Tak lama kemudian, tawa itu mereda, dan Xia Lan mulai berbicara. Suaranya terdengar seperti dentingan lonceng raksasa. Seluruh istana bergetar saat dia berbicara.
“Sebelum kita minum, aku ingin tahu apakah Chu Feng ada di kota ini?” tanya Xia Lan.
“Ya, dia baru saja kembali ke kota,” jawab Ma Kuo.
“Oh, baiklah kalau begitu. Sekarang, dengarkan aku. Kakakku sangat tertarik pada orang ini, jadi aku butuh kalian berdua untuk membuat rencana agar Chu Feng mau menemui kakakku!” kata Xia Lan.
“Sekarang, maafkan saya karena bertanya, apa yang ingin dilakukan saudaramu dengannya?” tanya Qi Teng.
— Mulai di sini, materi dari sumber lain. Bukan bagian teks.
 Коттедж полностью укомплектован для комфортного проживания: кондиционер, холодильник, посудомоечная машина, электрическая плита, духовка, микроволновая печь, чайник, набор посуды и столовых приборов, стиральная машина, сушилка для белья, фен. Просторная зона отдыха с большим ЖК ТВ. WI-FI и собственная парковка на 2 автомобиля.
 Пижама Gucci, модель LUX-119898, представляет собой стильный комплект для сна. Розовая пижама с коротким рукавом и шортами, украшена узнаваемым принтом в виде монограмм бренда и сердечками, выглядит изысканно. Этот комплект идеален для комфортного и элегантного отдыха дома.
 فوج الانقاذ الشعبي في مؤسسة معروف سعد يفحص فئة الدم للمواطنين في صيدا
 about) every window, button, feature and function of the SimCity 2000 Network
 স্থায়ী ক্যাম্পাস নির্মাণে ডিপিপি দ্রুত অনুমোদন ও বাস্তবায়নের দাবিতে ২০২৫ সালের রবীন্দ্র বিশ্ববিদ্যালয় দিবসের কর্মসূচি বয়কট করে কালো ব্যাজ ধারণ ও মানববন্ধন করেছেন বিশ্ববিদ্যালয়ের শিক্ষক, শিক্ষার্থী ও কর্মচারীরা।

Bibir Xia Lan sedikit terangkat membentuk senyum lembut. “Kakakku sudah mendengar kabar tentang dia. Konon Chu Feng memiliki beberapa keterampilan yang cukup luar biasa serta ego yang sangat tinggi. Tipe orang seperti ini selalu menjadi favorit kakakku, jadi dia ingin tahu seberapa terampil dia sebenarnya, lalu dia bisa memutuskan apakah egonya yang terlalu tinggi itu beralasan. Oh, ngomong-ngomong, kau tidak keberatan jika kakakku secara tidak sengaja membunuhnya dalam pertarungan, kan?”
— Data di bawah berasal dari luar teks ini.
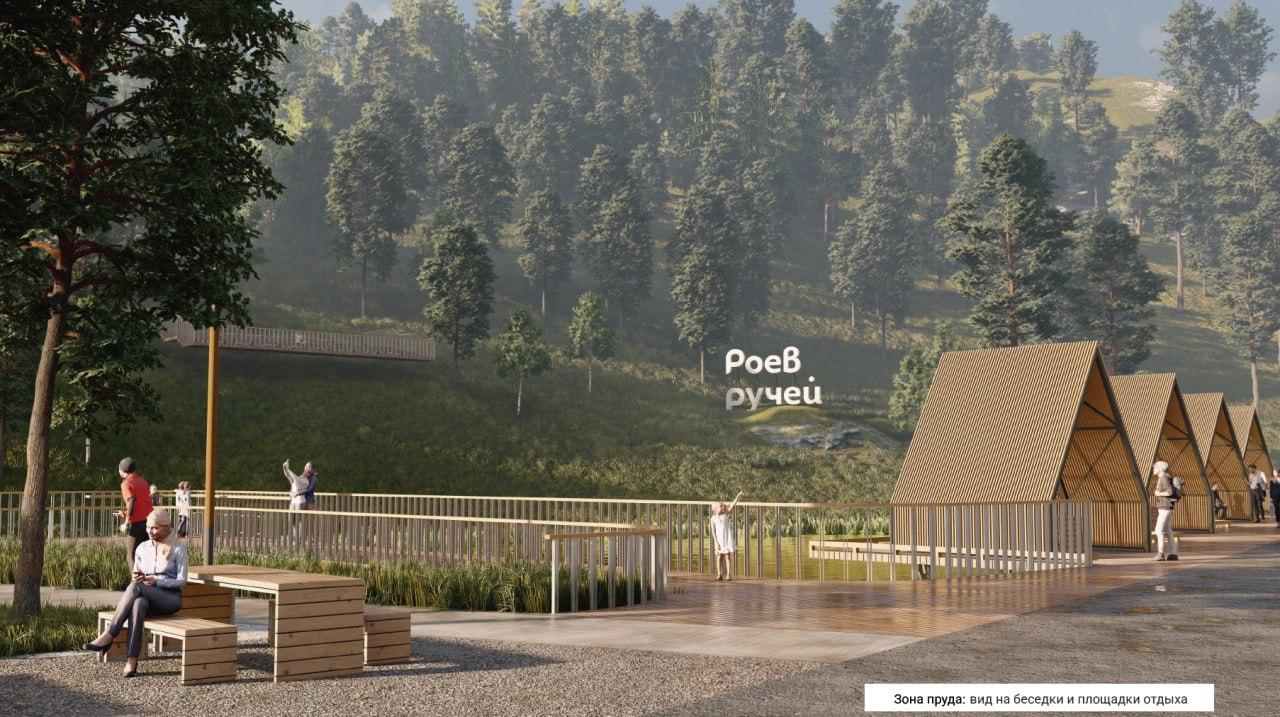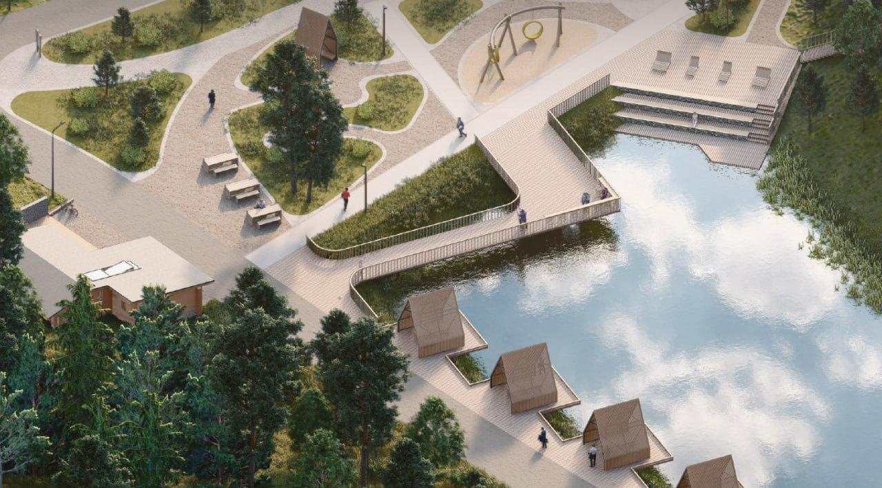 Концепция включает обустройство смотрового комплекса, веревочного парка, экотроп и облагораживание территории у пруда. Эскизы проекта опубликовал депутат Законодательного собрания Илья Зайцев.
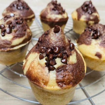 Muffiny marmurkowe z płynnym czekoladowym wnętrzem to idealna propozycja na zdrowy podwieczorek lub deser, który łączy przyjemność z rozsądnym podejściem do składników. Ta wersja jest lżejsza niż klasyczne muffiny, a mimo to pozostaje niezwykle wilgotna, miękka i pełna smaku. Połączenie delikatnego waniliowego ciasta z kakaową częścią oraz rozpływającym się środkiem z gorzkiej czekolady sprawia, że trudno poprzestać na jednej sztuce.
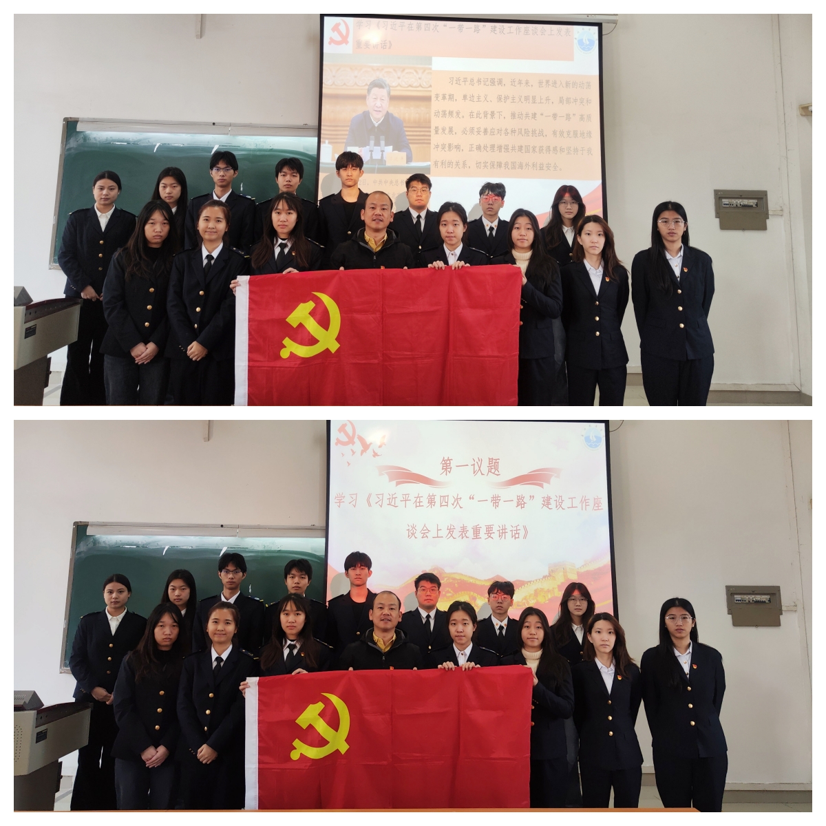 本次党课分为三个部分进行。首先,落实“第一议题”制度:学习《习近平在第四次“一带一路”建设工作座谈会上发表重要讲话》。12月2日,第四次“一带一路”建设工作座谈会在北京召开。会上,习近平总书记发表重要讲话时强调,在当前严峻复杂的国际环境下,推动共建“一带一路”高质量发展机遇和挑战并存,但总体上机遇大于挑战。我们要坚定战略自信,保持战略定力,勇于担当作为,开创共建“一带一路”更加光明的未来。在世界进入新的动荡变革期,单边主义、保护主义明显上升,局部冲突和动荡频发背景下,推动共建“一带一路”高质量发展,必须妥善应对各种风险挑战,有效克服地缘冲突影响,正确处理增强共建国家获得感和坚持于我有利的关系,切实保障我国海外利益安全。

“Hmm…” Keduanya tampak sangat terkejut. Meskipun mereka pernah melontarkan beberapa komentar pedas tentang Chu Feng sebelumnya, mereka masih cukup tercengang dengan apa yang dikatakan Xia Lan.
“Ada apa? Oh, ayolah, sungguh? Kakakmu, Qi Sheng, sudah menyatakan dengan lantang dan jelas bahwa dia ingin si Iblis Chu itu mati kali ini, jadi kenapa kalian berdua ragu-ragu sekarang?!” Xia Lan tampak agak sinis mendengarnya.
“Tentu, tentu! Tentu saja, kami juga sangat ingin menyaksikan penampilan penuh bakat kakakmu. Kami akan mewujudkannya secepat mungkin!” kata Qi Teng sambil menggertakkan giginya. Jika itu ide kakaknya, lalu bagaimana mungkin dia tidak ingin menyaksikan kematian Chu Feng?
…
[1] (Dalam cerita rakyat Tiongkok, istana Raja Naga (龍宮) adalah istana bawah laut milik Raja Naga, raja laut. Tergantung pada versi legendanya, istana ini dibangun dari karang merah dan putih, atau dari kristal padat. Penghuni istana adalah keluarga dan pelayan Raja Naga, yang merupakan penduduk laut. Dalam beberapa legenda, di setiap empat sisi istana terdapat musim yang berbeda, dan satu hari di istana sama dengan satu abad di luar batasnya.)